# install.packages(ape)
# install.packages(phangorn)
library(ape)
## Warning: package 'ape' was built under R version 4.0.2
library(phangorn)
## Warning: package 'phangorn' was built under R version 4.0.2
The 5x5 matrix below was constructed using data gathered from a sequence analysis of five geographically labeled subspecies of Chimpanzees. Firstly, a brief DNA sequence from their genomes was entered into excel. Then 10 polymorphic loci were selected and aligned. Each subspecies ‘polymorphic loci sequence’ was compared in pairs to determine the percent identity. Percent identity can be determined by dividing the number of positions that have the same nucleotide by the length of the sequence being compared. The PID values were then input into a PID matrix. Lastly, the PID matrix was converted into a dissimilarity matrix.
This matrix is based on the proportion of bases that are identical between sequence. This is often referred to as PID for Proportion Identical or Percentage Identical.
BLAST reports PID in its main output. PID is a very simple metric of similarity; more sophisticated measures are used in pratice.
Make a similarity matrix with the matrix() command. Note that I have to declare the number of rows
# Bad matrix 1
matrix(c(1.0, 0.5, 0.3,
0.5, 1.0, 0.4,
0.3, 0.4, 1.0))
## [,1]
## [1,] 1.0
## [2,] 0.5
## [3,] 0.3
## [4,] 0.5
## [5,] 1.0
## [6,] 0.4
## [7,] 0.3
## [8,] 0.4
## [9,] 1.0
# Good matrix, Declares the number of rows
matrix(c(1.0, 0.5, 0.3,
0.5, 1.0, 0.4,
0.3, 0.4, 1.0),
nrow = 3)
## [,1] [,2] [,3]
## [1,] 1.0 0.5 0.3
## [2,] 0.5 1.0 0.4
## [3,] 0.3 0.4 1.0
Store the matrix
my_sim_mat <- matrix(c(1.0, 0.5, 0.3,
0.5, 1.0, 0.4,
0.3, 0.4, 1.0),
nrow = 3,
byrow = T)
Label the matrix with row.names() and colnames()

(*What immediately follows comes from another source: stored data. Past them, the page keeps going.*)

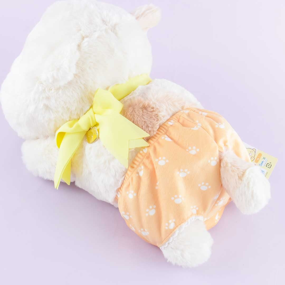 A medium Neko hugging plushie from Sumikko Gurashi wearing a yellow ribbon and orange shorts
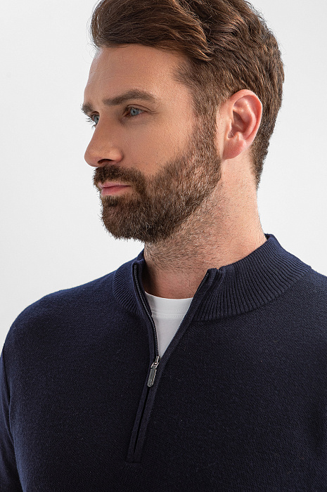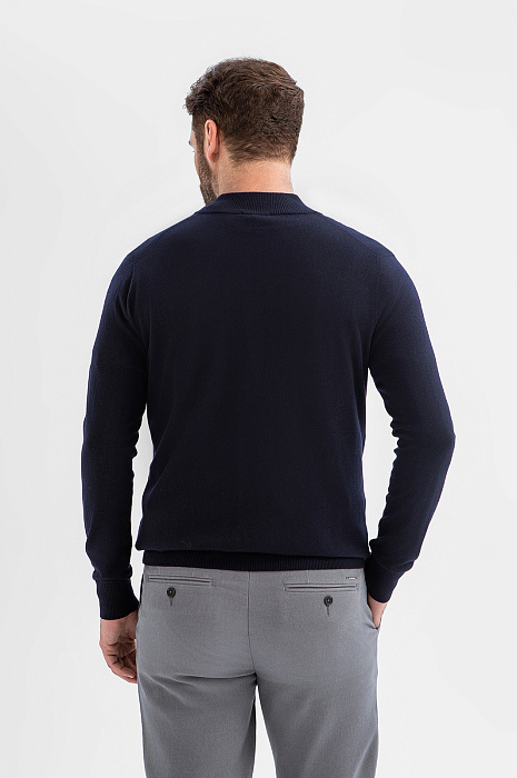 Джемпер KANZLER в глубоком темно-синем оттенке – сочетание натуральных материалов и продуманного дизайна. Состав – проверенная временем формула: шерстяные волокна (95%) обеспечивают идеальную терморегуляцию и сохраняют форму, а добавка кашемира (5%) придает материалу шелковистую фактуру и благородное сияние. Стильный воротник-стойка на молнии позволяет менять образ одним движением руки и регулировать комфортную температуру. Универсальный темно-синий оттенок – основа для множества образов – от деловых встреч до вечерних мероприятий. Модель подходит для создания многослойных сочетаний с футболкой. Параметры модели: рост 189, 102-80-99 Размер на модели: M
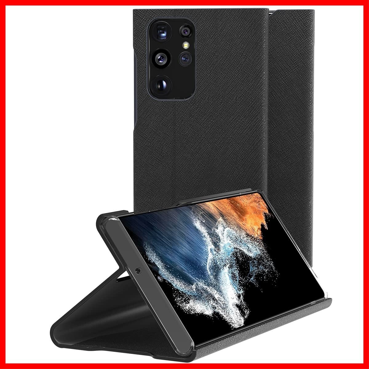 【製品仕様】… ◆ 対応機種 : Samsung GalaxyS22 Ultra ( サムスン ギャラクシーS22 ウルトラ ) ◆ 内容物 : ケース × 1個 ◆ サイズ : 約 16.8cm × 8.7cm × 1.7cm ◆ 重量 : 約 86g ◆ 素材 : PUレザー(合成皮革)、ポリカーボネイト ◆ 型番 : AE_GVLCSPLBS_BK
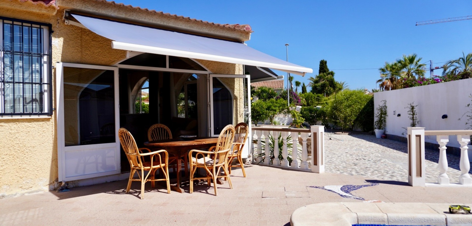 Villa renovada de 5 dormitorios con piscina privada y garaje en el centro de Quesada. Situada en una ubicación privilegiada justo en el centro de Ciudad Quesada , esta espaciosa villa independiente de 5 dormitorios y 2 baños ofrece comodidad, privacidad y conveniencia, todo en una generosa parcela de 800 m² orientada al sureste. La propiedad está completamente amueblada y cuenta con una piscina privada , un garaje , múltiples áreas de estar al aire libre y ha sido recientemente renovada , lo que la convierte en una excelente casa lista para mudarse para vivir de forma permanente o para vacaciones. Características de la propiedad: 5 habitaciones 2 baños Superficie construida: 210 m² Superficie de la parcela: 800 m² Piscina privada Garaje y estacionamiento adicional fuera de la calle. Solárium con vistas abiertas Unidades de aire acondicionado en todas partes Amueblado Terraza cubierta con toldo para sombra Área de barbacoa Trastero Orientación sureste : ideal para el sol de la mañana y del mediodía. Ubicado en una zona tranquila pero céntrica , a poca distancia de tiendas, restaurantes y todos los servicios locales. Esta propiedad combina espacio, ubicación y practicidad , ideal para familias o quienes buscan una casa más amplia en una de las zonas más codiciadas de Quesada. Con una parcela bien cuidada y amplios espacios exteriores, es perfecta para disfrutar del clima mediterráneo durante todo el año. Visitas con cita previa Contáctenos hoy para obtener más información o concertar una visita.

row.names(my_sim_mat) <- c("G","T","M") #Gombe, Tai, Mahale
colnames(my_sim_mat) <- c("G","T","M")
Similarity, disimilarity, and distance are all related. Most methods use distance, not similarity.
We can do vectorized math to recalculate the matrix
my_dist_mat <- 1-my_sim_mat
my_dist_mat
## G T M
## G 0.0 0.5 0.7
## T 0.5 0.0 0.6
## M 0.7 0.6 0.0
my_dist_mat2 <- as.dist(my_dist_mat) #as.dist converts matrix to a distance matrix -> removes duplicate information
my_dist_mat2
## G T
## T 0.5
## M 0.7 0.6
Neighbor Joining is one of the most common ways to build a tree using molecular data that’s been converted to sequences; its one of the options within BLAST.
Build the tree with nj()
my_nj <- ape::nj(my_dist_mat2)
Plot the tree as an “unrooted” tree
plot(my_nj, "unrooted")
Plot the tree as an “rooted” tree
plot(my_nj)
UPGMA/WPGMA are other algorithms that work with distance matrices. They are not commonly used now but are useful for teaching becaues they can easily be done by hand on small datasets. They are clustering algorithms, put similar things closer together and disimilar things farther apart.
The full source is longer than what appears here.